ECS Cluster is where you run your containers. ECS Cluster is also an AutoScaling Group of EC2 instances, but rather than actively pulling your container image they join the ECS Cluster and wait for instructions what to do.

That's where ECS Services come in - ECS Service describes what you want to run, i.e. your container definition, parameters, etc. It then schedules the containers (ECS Tasks) on the available ECS Cluster nodes.

Deploying a new version of your app is as simple as updating the ECS Service definition - it can be done as a Rolling Update, all-in-one, etc. It seamlessly integrates with ALB, ELB, etc and you can certainly achieve zero-downtime releases.

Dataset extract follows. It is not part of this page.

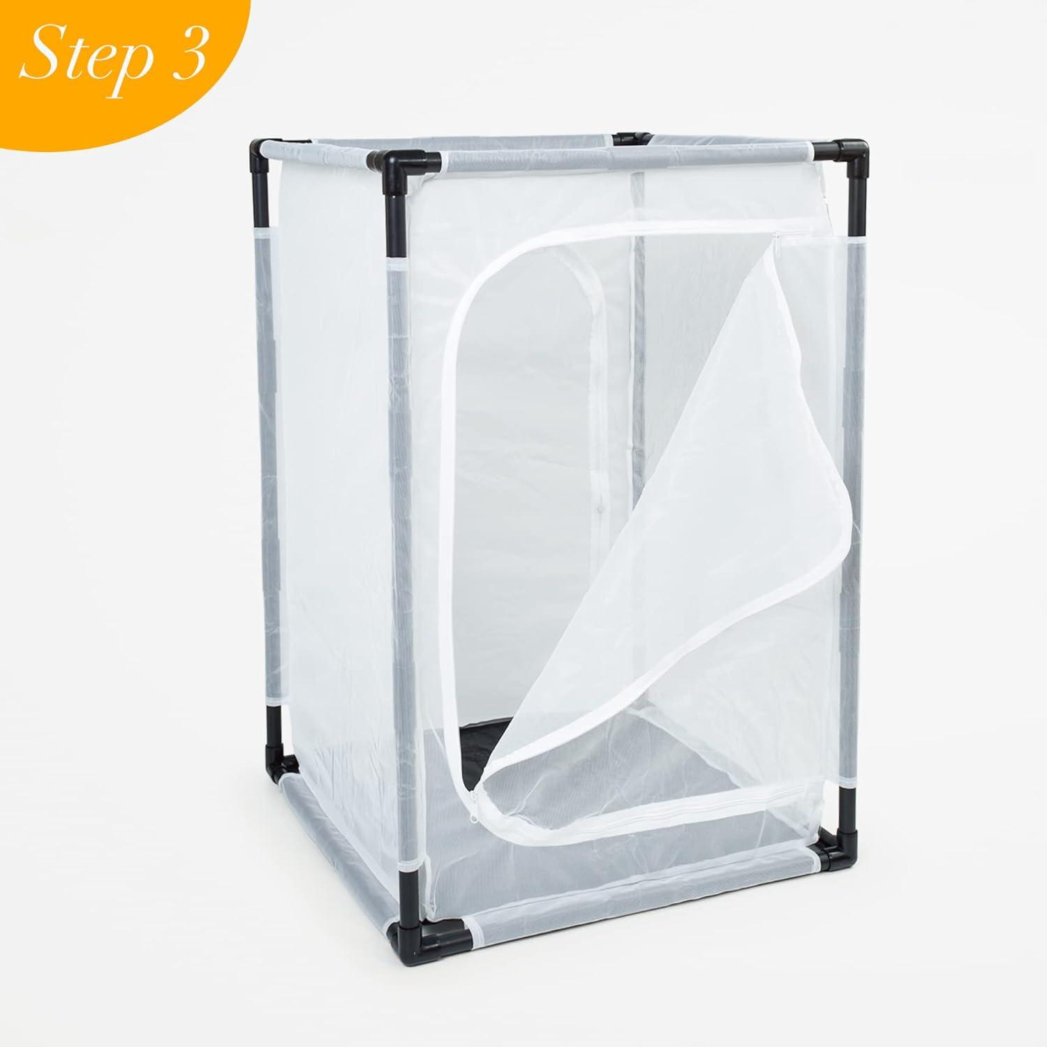 Caterpillar habitat consists of a durable PVC frame which is quickly assembled using the included pole connectors. A mesh tent fits onto this frame to create an enclosed cage, suitable for the rearing and maintenance of caterpillars. Please refer to manual or listing gallery picture for installation, the key is to use a hammer to connect the pole connect tightly.

Using ECS will remove the need to replace the EC2 instances with every container release and only replace the actual containers.

2. Proper Blue-Green deployment

Another option is a proper blue-green deployment where you build a complete new environment and then switch the traffic usually on the DNS level.

That means your CloudFormation template for each release will contain a complete infrastructure (ASG, LaunchConfig, ALB, ...) and you end up with two instances of the stack - e.g. app-blue and app-green. When Blue is active you're free to tear down and re-deploy Green. Test it, and once happy switch the DNS from Blue ALB to Green ALB. With next release you repeat the same for Blue.

Again the benefit of this is that you've got an easy roll-back path (simply switch the DNS back to Blue ALB if Green deployment turns out to be broken) and again it allows zero-downtime.

Update: just announced on AWS re:Invent 2018 - Blue/Green deployment support for ECS. This new functionality may facilitate your ECS Service releases without having to build a complete environment every time.

Hope that helps :)

  • This is the second AWS question in the last month or so you've answered in depth. I owe you a beer or coffee of some sort - feel free to send over a BTC/ETH/LTC address. Seriously, thank you for the insight, it is very appreciated. I think that the ECS route describes a good concept of what I'm after. Blue-Green sounds nice but I think it's overkill for what I'm looking to achieve, I have other services that need to persist when I update my stack as mentioned, and that adds another layer of unnecessary complexity. Thanks MLu! - Cheers, Dominic. Nov 30, 2018 at 18:51
  • 1
    @domdambrogia no worries I'm glad I could help! Simply upvote and eventually accept my answers here on SF, that's a good enough "thank you" :) I'm working towards earning a silver badge for amazon-web-services tag so every upvote helps ;) BTW I have updated the answer with a link to just announced functionality for ECS Blue/Green deployments.